The patients in the retrospective study had been receiving treatment for an eating disorder for from 10 months to 18 years. Nine had AN, 1 had a combination of BN and AN, 3 had BN, and the other 14 participants had eating disorders that did not meet the diagnostic criteria for a single, specific eating disorder. The participants were studied with semistructured interviews.
Six transitional events
Notably, since this study involved a small number of subjects and used a retrospective design, its findings should be verified with prospective research and larger samples of subjects. Nevertheless, the authors' findings are of interest. Six themes were identified as family life transitional events that preceded the onset of an eating disorder: (1) school transitions, (2) death of a family member, (3) relationship changes, (4) home and job situations, (5) illness/hospitalization, and (6) sexual abuse or incest.
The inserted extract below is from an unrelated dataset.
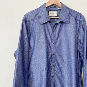 Robert Graham Mens XL Tailored Fit Botanic Ditsy Blue Button Shirt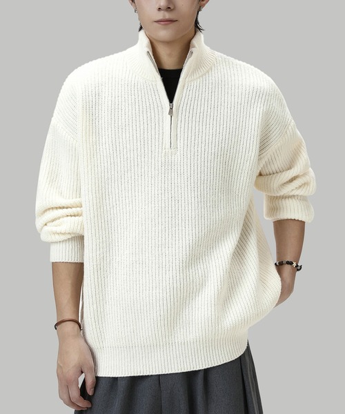 ~~着回し力と機能性を両立したジップニットが新登場!~~1枚で着こなしの幅が広がる、使いやすいジップニットです。バルキーな片畦編みでふんわりと立体感があり、ジップを開閉するだけで首元の印象を簡単に変えられます。■ 軽い着心地のボリューム ニット凹凸と立体感のある 畦編みでざっくりと仕上げた、ボリューム感たっぷりのニット。さりげなく高級感も漂うデザイン、ワイドで抜け感のあるビッグシルエットなので、羽織るだけで今っぽいストリートスタイルが完成。どんなコーデにも合わせやすい、“ちょうどいい存在感”の一枚です。■ポイント流行に左右されないシンプルなデザインで、幅広いスタイリングに合わせやすいです。ファスナーの開閉で首元の印象を簡単に変えられ、着こなしのバリエーションも広がります。しっかりとした生地の厚みがありながらも伸縮性に優れていて、ふんわりとした編地が空気を含むため保温性も抜群。寒い季節にぴったりの一着です。■コーディネートダウンジャケットやレザージャケットのインナーとしてはもちろん、オンブレチェックシャツを合わせた 韓国系ストリートスタイル もおすすめです。ボトムスは、バレル・カーブパンツ/ワイドデニム/カーゴパンツ/ジョガー/スウェットパンツなど、スポーツMIXや古着系スタイルとの相性も抜群。足元はスニーカーはもちろん、ローファーやブーツなどの革靴を合わせてもOKです。メンズ・レディース問わず、ユニセックスで着用できる万能アイテムです。【重要】※商品画像は、光の当たり具合やパソコンなどの閲覧環境により、実際の色味と異なって見える場合がございます。予めご了承ください。※商品画像はサンプルのため、色味やサイズ、素材の混率等の仕様に変更がある場合がございますので、予めご了承ください。TOBEE(トゥビー):スタイリッシュなデザインと快適さを兼ね備えたカジュアルウェアブランド。おしゃれを楽しみたいという男性に向けて素材選びから縫製まで、すべての工程においてこだわり、シンプルでありながらも個性を引き立てるデザイン。ファッションにおいて妥協することなく、「着ることで自分を表現する」というコンセプトで使いやすく、それでいてスタイリッシュなアイテムを提供します。★ 気になる商品はお気に入り登録がおすすめ・商品のお気に入り登録(ハートマークをクリック)お気に入りアイテムの完売カラーの再入荷通知や、ラスト1点の通知、セールの通知も受け取ることができます。・ブランドのお気に入り登録新商品や再入荷など、いち早くブランドの情報を受け取ることができます。※ご注文いただいた予約商品のお届け時期の確認は、注文履歴ページより行えます。

The researchers found that transitional events in the family life cycle, followed by a lack of needed support during the transitions, could precipitate the onset of an eating disorder. This lack of support at times of stress was particularly important in the evolution of the eating disorder, and the authors suggest that future research might lead to interventions to help the family and patient reduce the stress from these transitional periods. Helping parents become aware of stressors and more supportive might be even more important than trying to solve or fix the individual problem, according to Dr. Berge and colleagues.
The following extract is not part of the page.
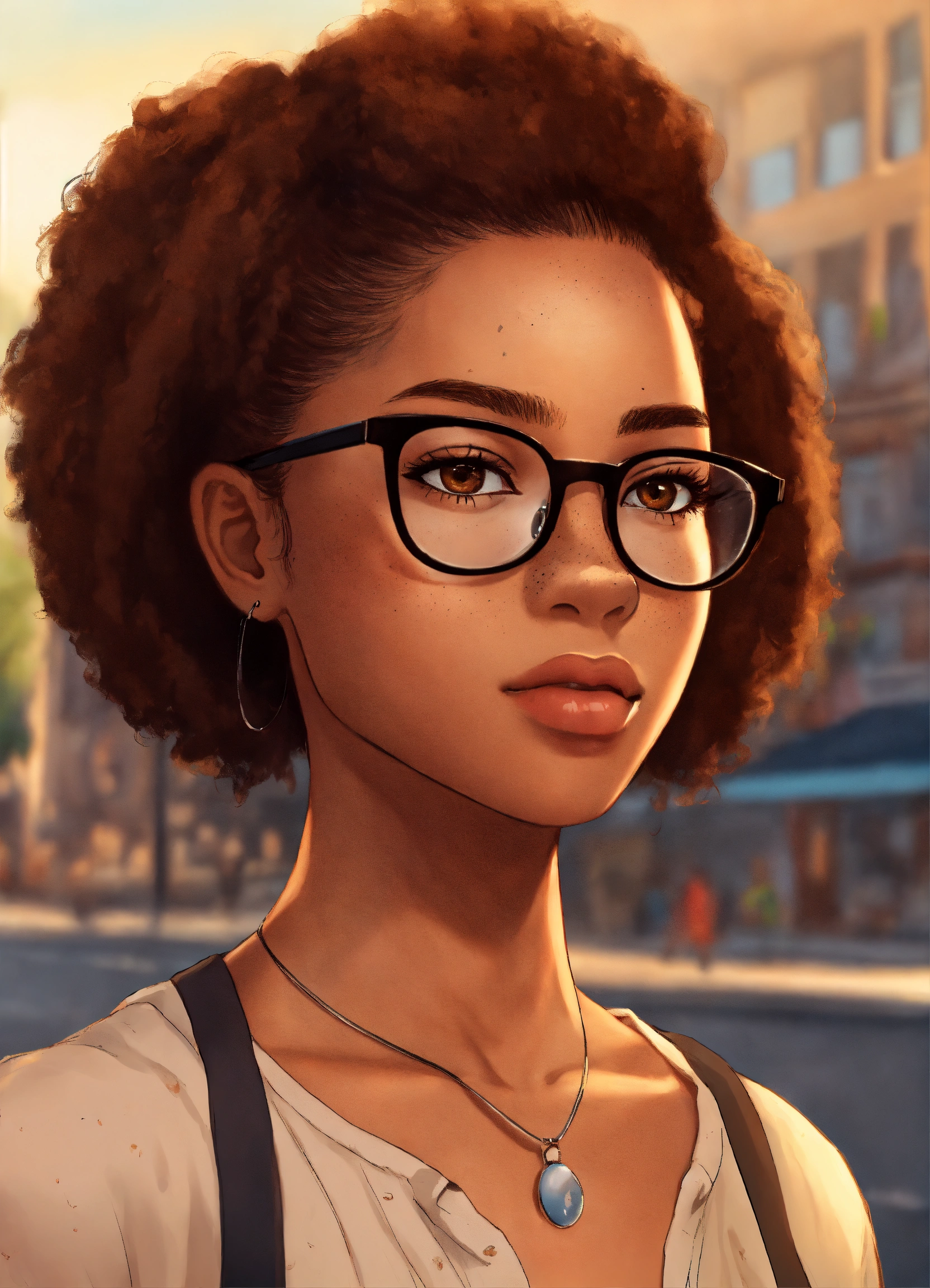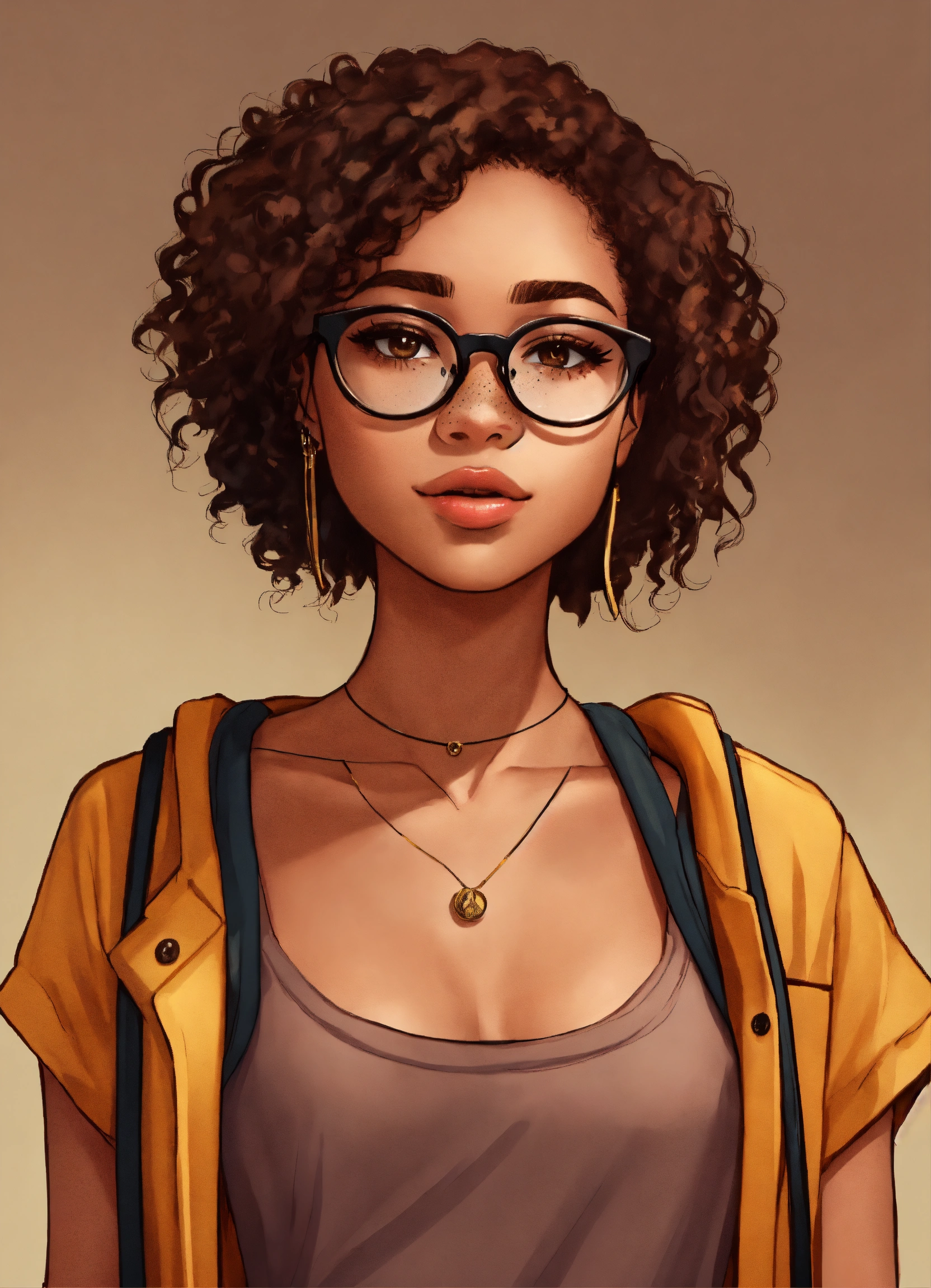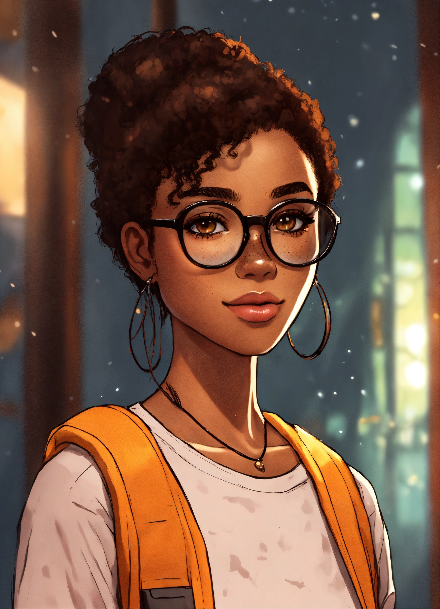 Short light skinned black female, long straight & fluffy brown hair, glasses, freckles, brown eyes, no imperfections, cartoon

Q & A: Rectal Prolapse after
Long-term Laxative Use
Q. One of my patients with anorexia nervosa binge/purge type who has always complained of constipation and who in the past used large quantities of laxative tablets was recently diagnosed with rectal prolapse. What sort of condition is that? Is that common in patients with eating disorders? (JH, Philadelphia)
A. While not a common feature of eating disorders, cases of rectal prolapse have certainly been reported in the literature, primarily in patients with anorexia nervosa of the binge/purge type, but also in patients with bulimia nervosa, particularly those who suffer from irritable bowel syndrome (IBS), chronic constipation, and laxative abuse (Dis Colon Rectum 1997; 40:1382; IJED 2011; 44:95).
Rectal prolapse consists of the protrusion of rectal muscle wall beyond the verge (opening) of the anus. Factors contributing to the chronic constipation include poor diet and inadequate fiber, dehydration, and a variety of other constitutional and external causes including the anticholingeric effects of some medications. The increased intra-abdominal pressures associated with vomiting are also thought to possibly contribute to the mechanism of prolapse. In rare instances patients have been known to engage in "rectal purging," i.e., intrarectal digital dilatation to help relieve the constipation, or for the sensation (IJED 2012; 45:456). Little is known about this phenomenon since few clinicians routinely ask patients about this behavior, and shame is likely to prevent many patients from talking to their clinicians about this practice.
Treating rectal prolapse usually requires surgery, but to prevent future recurrences steps are needed to reduce constipation (and rectal digitation in instances where the patient is practicing this behavior).